Unfortunately, not every old woman in Russia is religious, which I found out very quickly. I’ve still found it interesting to talk with them because most of them are baptized and have some relationship to the church, even if it’s not positive. One such conversation, with a woman named Nina Petrovna, made me realize that Russian Orthodoxy has many different faces—it’s not as simple as separating the believers from the non-believers.
Another major challenge of my project was the shock value of the stories that people have told me and the dead atmosphere in some of the churches which are still ruined—especially in Tver. I decided to prepare myself. I visited all of St. Petersburg’s museums and monuments to the Blockade and the war, including the cemetery where all the victims are buried. Visiting all of these sites made it easier to hear people’s stories because I wasn’t as shocked. It also meant that I didn’t have to ask as many logistical questions: historical facts I could find out from a museum without bothering anyone.
In September, I gained access to the archive in the Museum of St. Petersburg history and found out a little about the state of the church in the time of the Blockade. Reading gave me some more insight into the atmosphere of St. Petersburg at the time of the Blockade. I learned that Stalin allowed nine churches to open in Leningrad during the Blockade to maintain feelings of normalcy and that the Church, in turn, donated money to the war effort. It was interesting to learn about that connection and that there was a period in Russian history when going to church was “patriotic.” I will continue to use archives wherever I can find them, especially in Moscow.
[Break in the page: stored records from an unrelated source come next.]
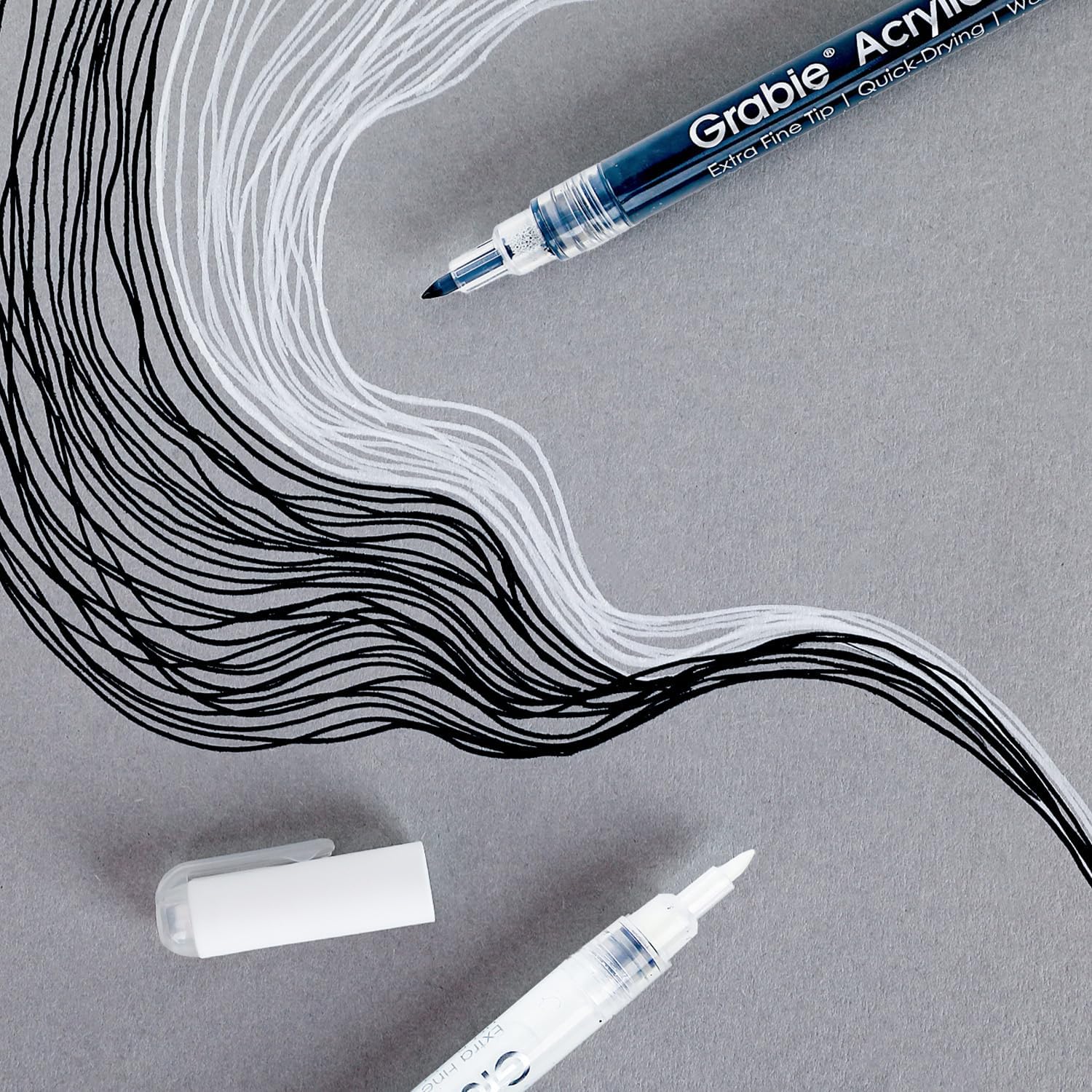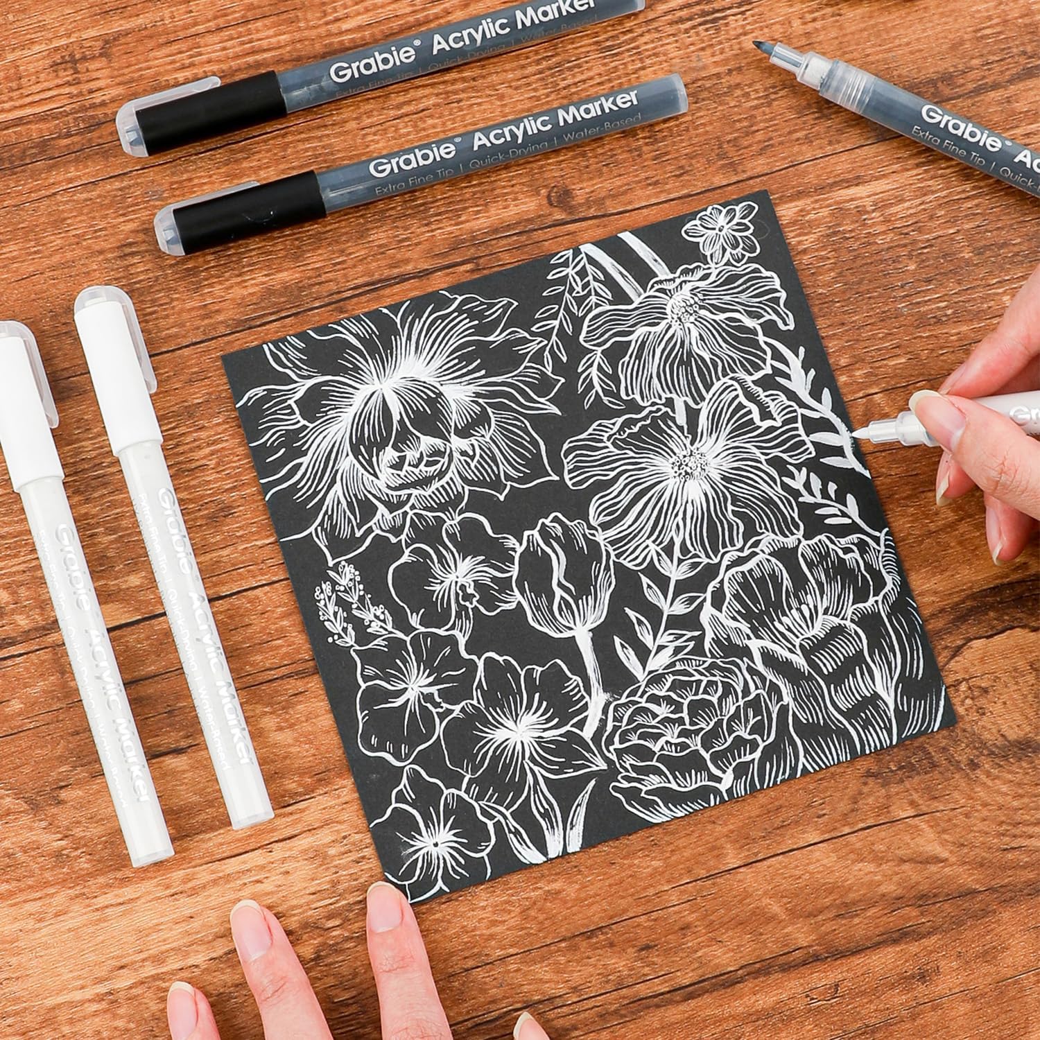 Grabie Black&White Extra Fine Tip Acrylic Paint Marker Set, 6 Pack, 0.7mm Acrylic Paint Pens for Highlights, White Highlight Markers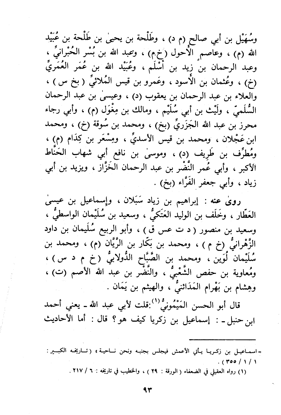 = إِسماعيل بن زكريا يأتي الأعمش فيجلس بجنبه ونحن ناحية" (تاريخه الكبير: 1 / 1 / 355) .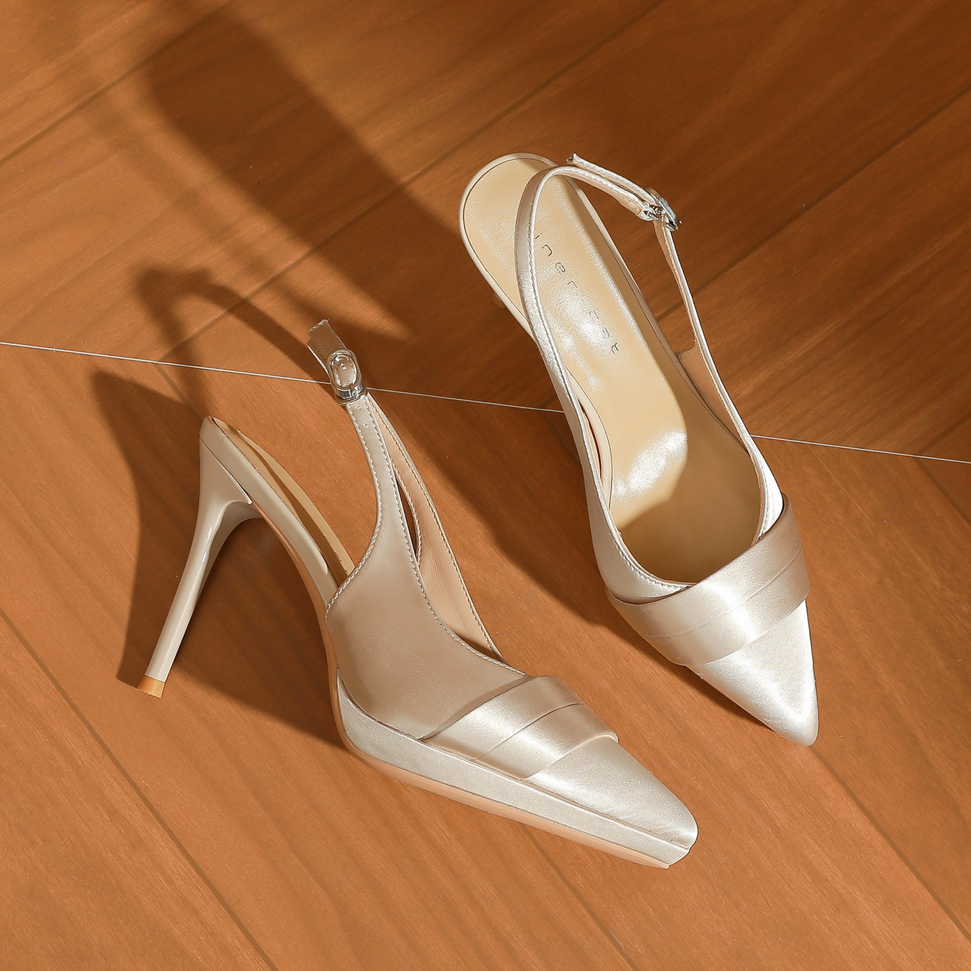 10631【양가죽】여성용 하이힐, 얇은 굽, 2026년 신상, 뒤가 열린 샌들, 뾰족코, 방수 플랫폼 슈즈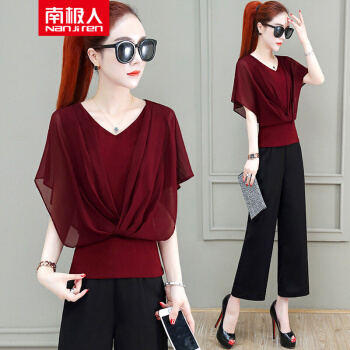南极人 短袖雪纺衫女夏季新款女装韩版时尚百搭宽松显瘦网纱上衣V领小衫 N7-GTCF03-7036-酒红色 M |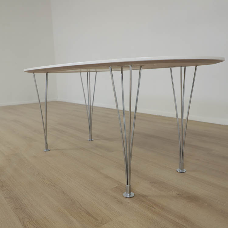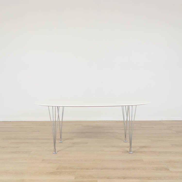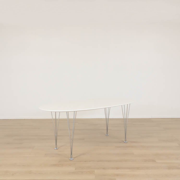 Konferensbordet Superellips är skapat av Bruno Mathsson som tagit inspiration från Piet Heins genialiska lösning på ett trafikproblem vid Sergels torg i Stockholm år 1958. Kravet var att skapa en rondell som både var funktionell och estetisk tilltalande. Piet Hein skapade då formeln för en figur som han kallade Superellipsen. Med denna formel som grund kunde han nu konstruera kurvor i olika storlekar där krökningsradien varierade lagbundet hela vägen. Detta resulterade i ett harmonisk sammanhang och en funktionell trafiklösning. Detta bord är ett av de mest berömda och eftertraktade borden från Skandinavien. De rundade kanterna ger ett mer inkluderande intryck som bjuder in till samtal. Detta utförande i nylackerad vit skiva. Benen kallas spännben och är i förkromat stål och skapar den unika designen på bordet.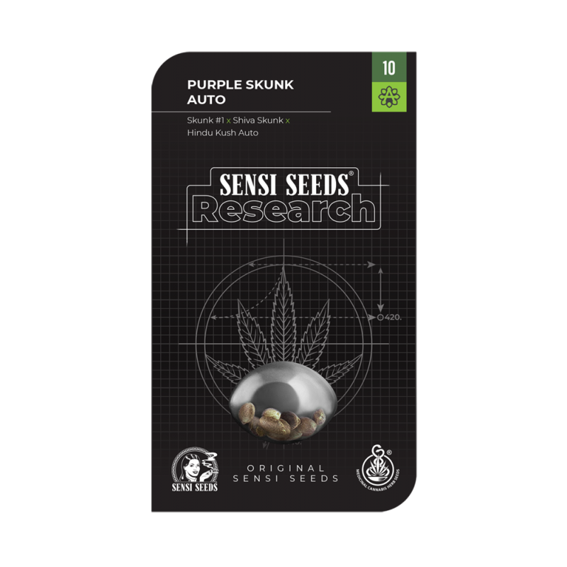 Les graines de Purple Skunk à Autofloraison sont 75% indica et 25% sativa. Cette variété a été élaborée dans le cadre du projet 2021 de Sensi Seeds Research à partir de trois parents notoires: Hindu Kush à Autofloraison, Skunk #1 et Shiva Skunk. En vertu de son bagage génétique, elle dégage un arôme et une saveur de moufette et procure un stone classique d’indica.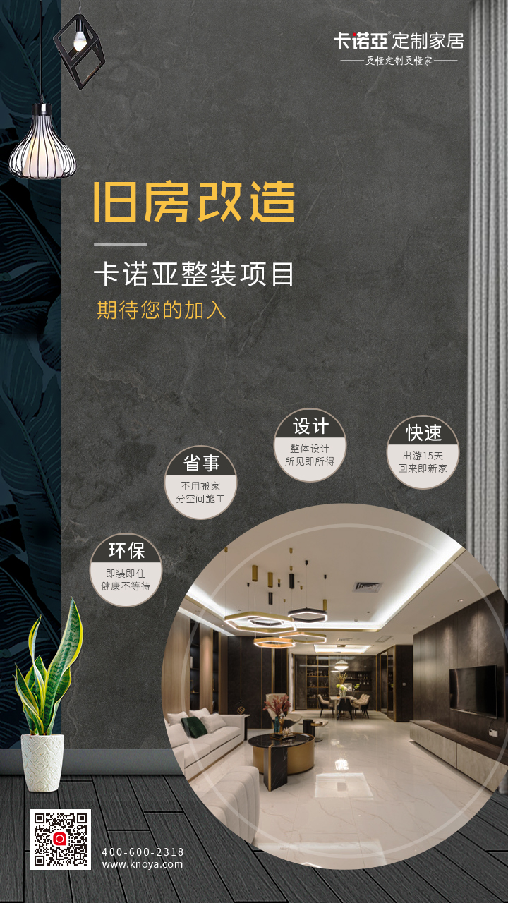 為了做到讓廣大業主在舊房改造上省錢省事,卡諾亞推出了一站式空間定制-整裝項目:【快速】出游15天,回來住新家;【設計】整體設計,所見即所得;【省事】不用搬家,分空間施工;【環保】即裝即住,健康不等待。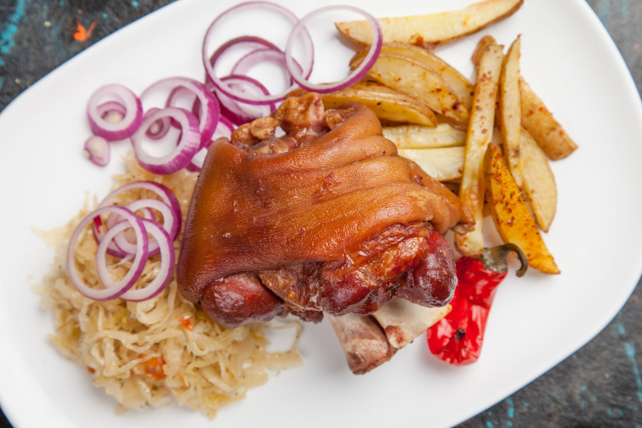 Zigeunerbraten mit Knoblauch, gebratenem Speck, hausgemachter Grillwurst, sauerem, gedünstetem Kohl, im Ofen gebackenem Schweinshaxe, mit Käse und Schinken gefüllte Schnitzel, Hähnchenbrust in knuspriger Panade, Käse-Schnitzel, Pilz-Schnitzel, Zwiebel-Schnitzel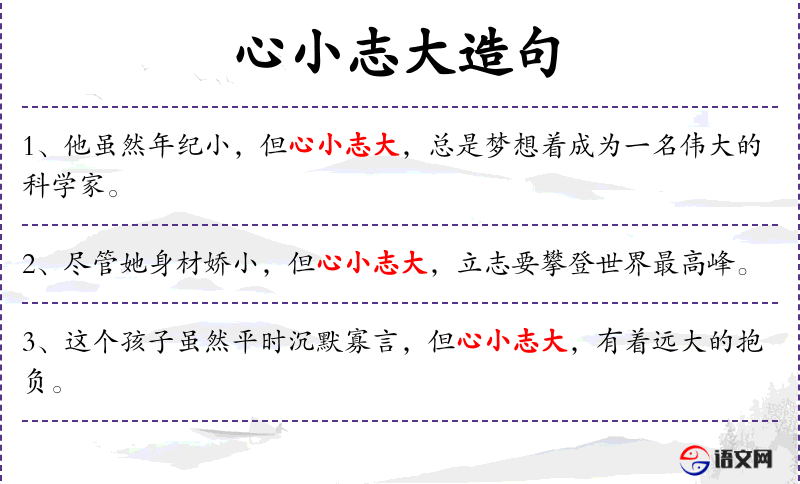 句子:“这个孩子虽然平时沉默寡言,但心小志大,有着远大的抱负。”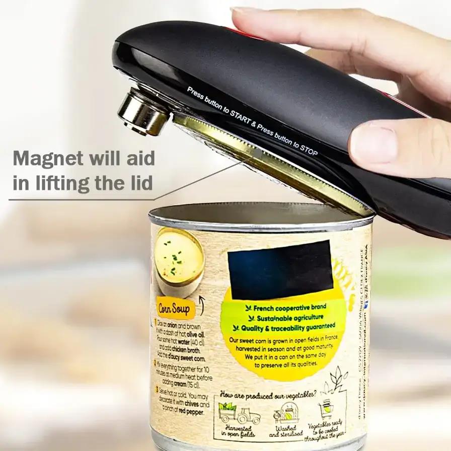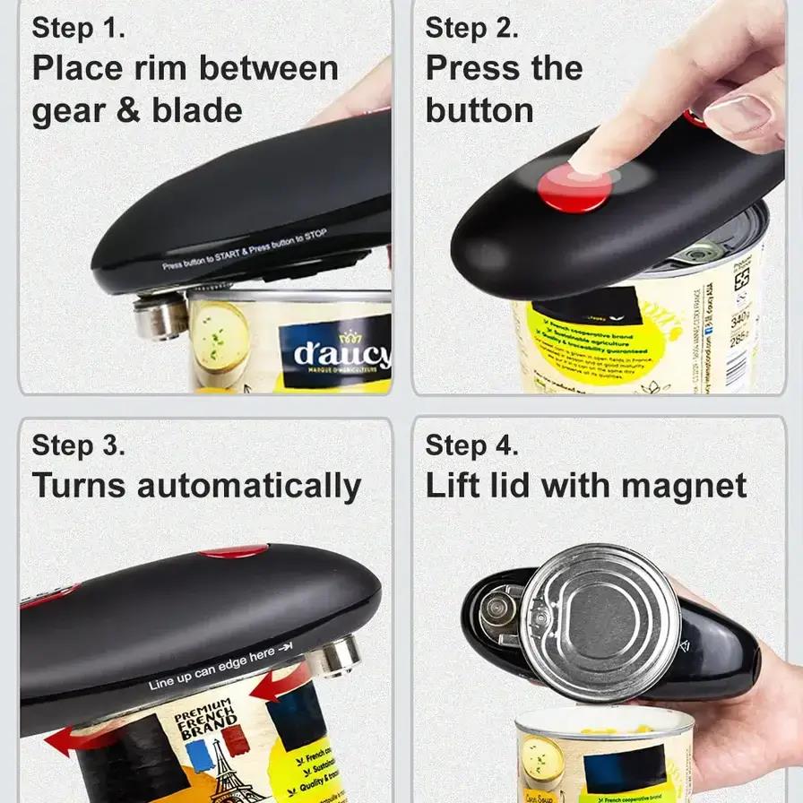 - Easy To Use - Just latch the automatic can opener to the top of a can, touch on the automatic on/off button to turn it on, and watch it do its magic!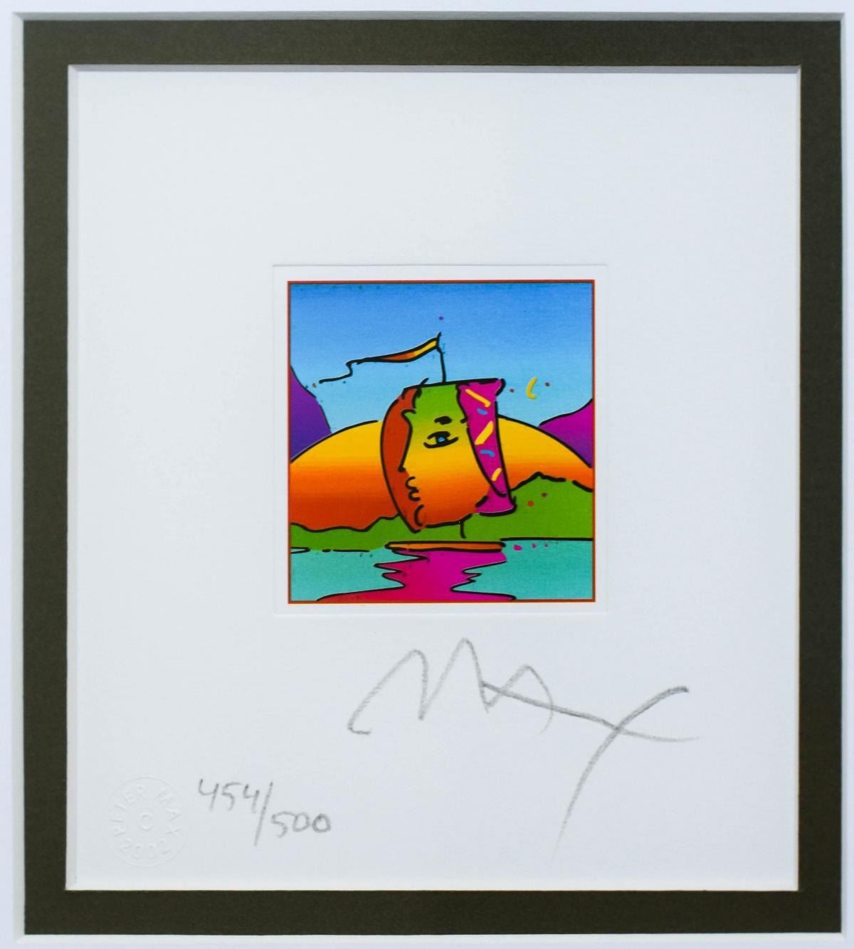 Artist: Peter Max. Medium: Original Lithograph. Title: Sail Profile (mini). Size (Unframed): 5" x 5". Size (Framed): 15" x 14.5". Limited Edition: Numbered 454/500. Certificate of Authenticity: From Peter Max Studio. Additional: Custom framed. Reference# 12127.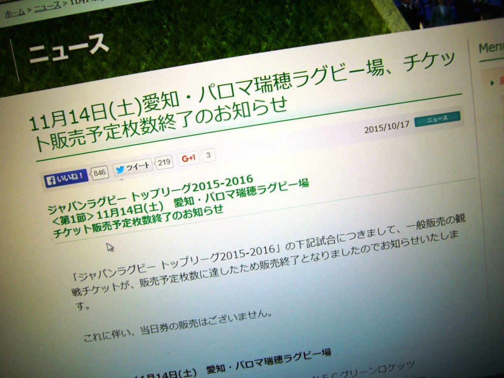 日本代表の中でも一番人気はやはり五郎丸選手でしょう。その五郎丸選手が所属する《ヤマハ発動機》開幕戦のチケットが《完売》となっています。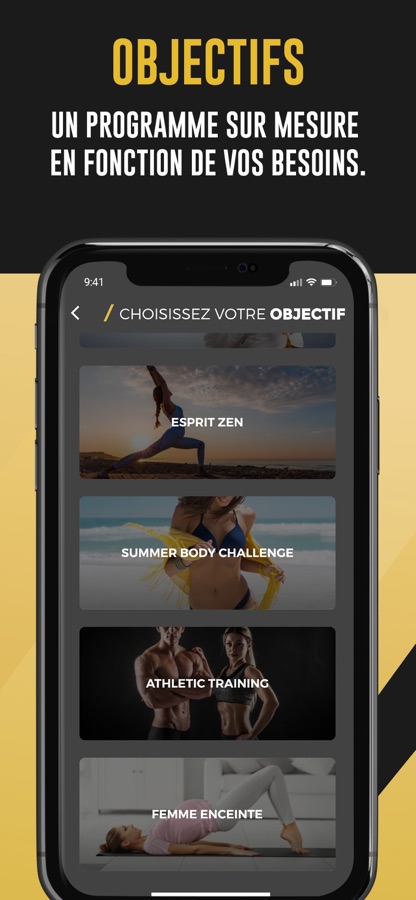 Sélectionnez votre objectif et laissez-vous guider par votre programme personnalisé & vos coachs qui vous accompagneront jusqu’à satisfaction ! Perdez du poids, reprenez le contrôle de votre corps, affinez votre silhouette ou encore travaillez à haute intensité, tous ces choix sont à votre disposition.

I’ve discovered another worthwhile dimension to my project that I hadn’t considered. While I was in Tver I had a unique opportunity to serve at a monastery in exchange for a tour and a meal. I found out several interesting pieces of information from my guide and the “matushka” (the head nun) about faith during the Soviet Union. Although they are hesitant to share their own stories, they are happy to tell me about the Church as a whole or about their own monastery. The matushka in Tver offered me contacts in Moscow, which I hope to use. It would be interesting to learn more about how nuns survived the repression—and they are women of the Russian Orthodox Church.
Lastly, and most importantly, in the last three months, I’ve grown up. I’m much more patient with myself, much more thoughtful, more careful with my words (which happens when you have a limited number to choose from) and less inclined to become frustrated at things I can’t control. I can’t pinpoint exactly when these things happened to me or when the change started, but when I look back at my journal entries from July, I can sense a difference.
In August, I remember flipping through my day-planner and thinking how long it was until I got to go home. Now, I look at it and wonder if I have enough time. Either way, I’m excited for what Russia and the next nine months have in store for me.